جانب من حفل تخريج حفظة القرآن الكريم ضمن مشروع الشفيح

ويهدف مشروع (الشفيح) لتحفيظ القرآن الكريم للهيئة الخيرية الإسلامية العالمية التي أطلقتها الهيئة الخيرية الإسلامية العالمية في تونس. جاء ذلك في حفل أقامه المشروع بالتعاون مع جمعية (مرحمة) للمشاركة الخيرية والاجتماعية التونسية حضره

==

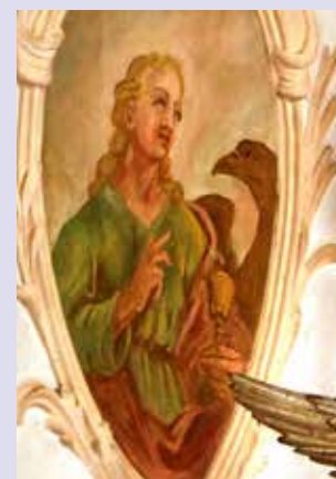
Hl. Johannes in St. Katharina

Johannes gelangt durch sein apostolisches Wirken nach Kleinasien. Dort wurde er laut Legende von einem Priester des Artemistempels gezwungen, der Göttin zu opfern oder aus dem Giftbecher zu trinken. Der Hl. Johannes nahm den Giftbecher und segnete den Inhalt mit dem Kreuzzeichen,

**Problem requirements**
Where in the entries above does the word "Johannes" appear? Copy each line that has it.

**Exercise answer**
Hl. Johannes in St. Katharina
Johannes gelangt durch sein apostolisches Wirken nach Kleinasien. Dort wurde er laut Legende von einem Priester des Artemistempels gezwungen, der Göttin zu opfern oder aus dem Giftbecher zu trinken. Der Hl. Johannes nahm den Giftbecher und segnete den Inhalt mit dem Kreuzzeichen,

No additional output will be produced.